= Task to carry out =
Skip the pictures. Retype exactly, and only, the lines between the line holding "The rear of" and the last line below, inclusive.

= Recorded data =
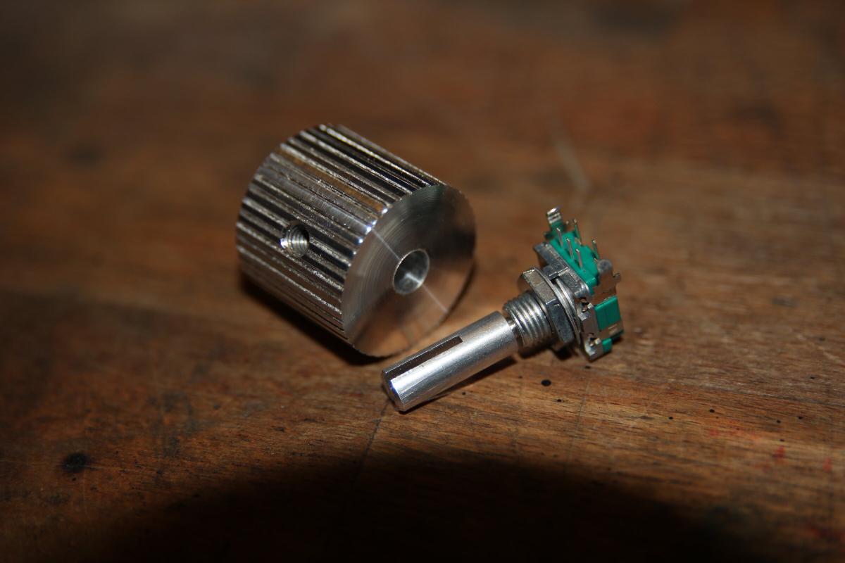 Lautstärkeregler und Eingabemöglichkeit bildet ein Encoder mit Drucktaster. Den Drehknopf habe ich gedreht/gefräst und anschließend eloxiert.
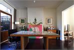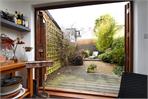 The rear of the property is occupied by a beautiful kitchen-dining room, fitted with a stylish bespoke kitchen and a full range of integrated appliances. Cabinetry runs along both sides of the room, providing excellent storage and worktop space. A large stainless-steel sink sits beneath a window overlooking the side return, while the dining area is flooded with natural light from the double-glazed solid timber bi-fold doors opening onto the garden.
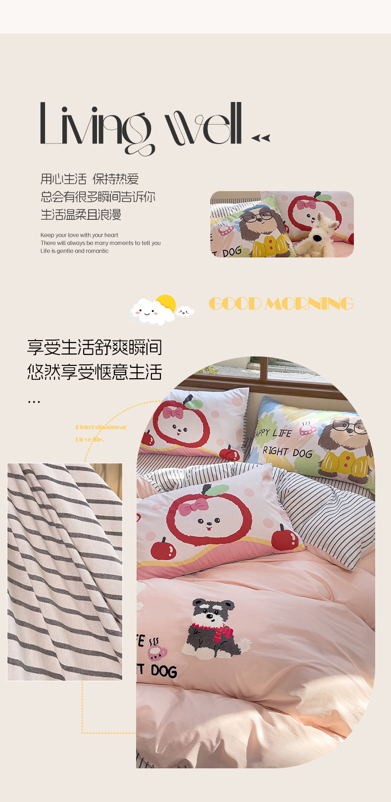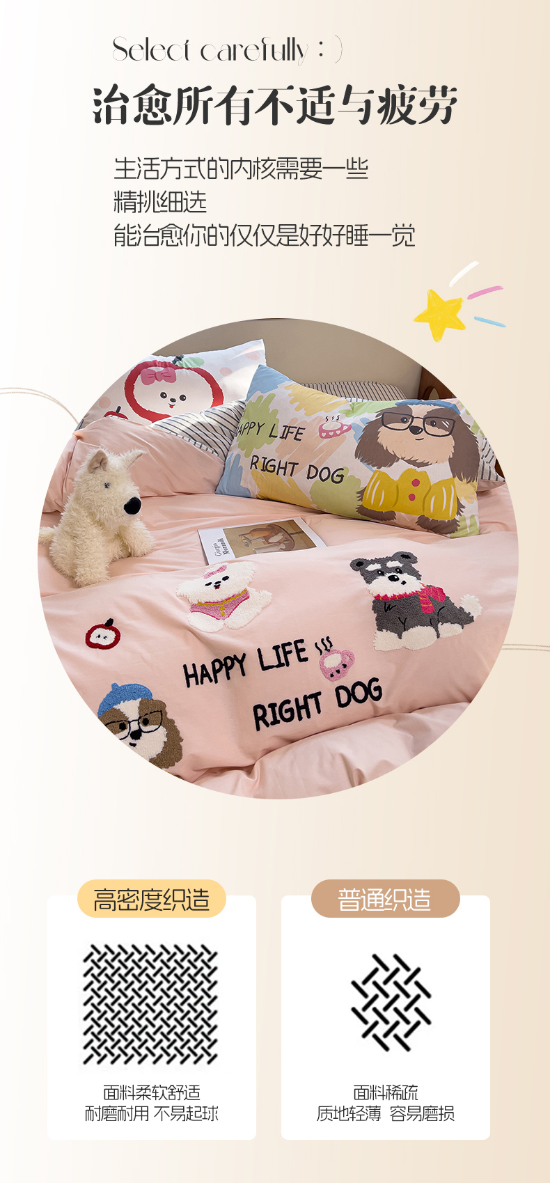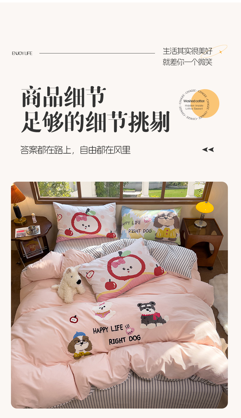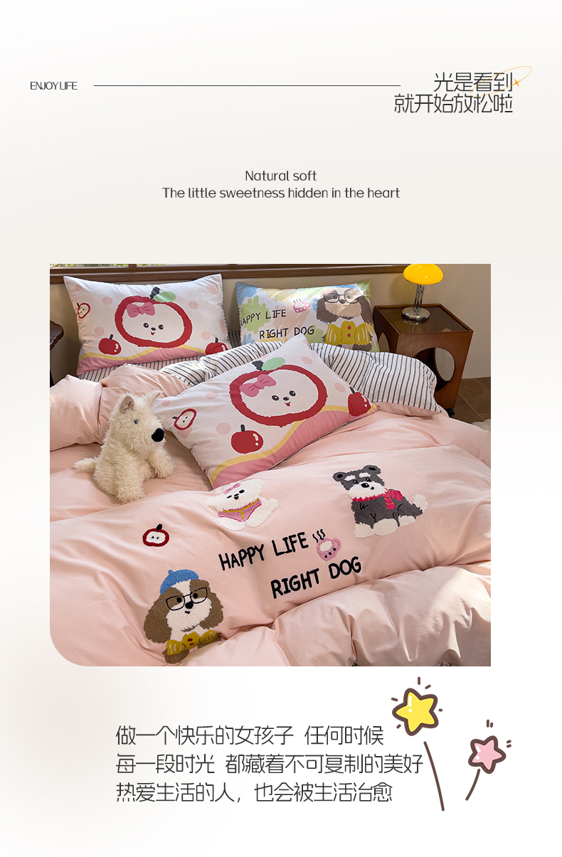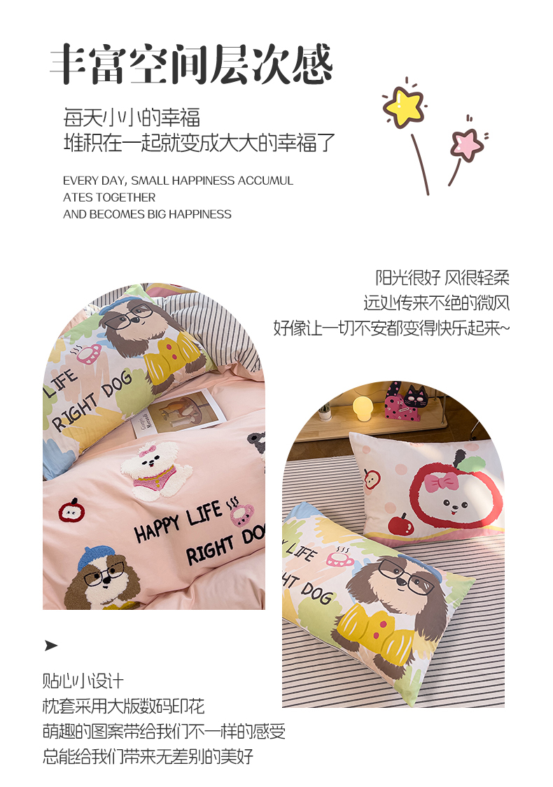 (总)炫拼家纺 2026春夏新款A类全棉纯棉40支水洗棉卡通贴布绣刺绣纯棉四件套-卡哇系列,卡哇一爵士,卡哇一可可,卡哇一甜心,卡哇一汪星,卡哇一悠咪

= Response =
 The rear of the property is occupied by a beautiful kitchen-dining room, fitted with a stylish bespoke kitchen and a full range of integrated appliances. Cabinetry runs along both sides of the room, providing excellent storage and worktop space. A large stainless-steel sink sits beneath a window overlooking the side return, while the dining area is flooded with natural light from the double-glazed solid timber bi-fold doors opening onto the garden.
 (总)炫拼家纺 2026春夏新款A类全棉纯棉40支水洗棉卡通贴布绣刺绣纯棉四件套-卡哇系列,卡哇一爵士,卡哇一可可,卡哇一甜心,卡哇一汪星,卡哇一悠咪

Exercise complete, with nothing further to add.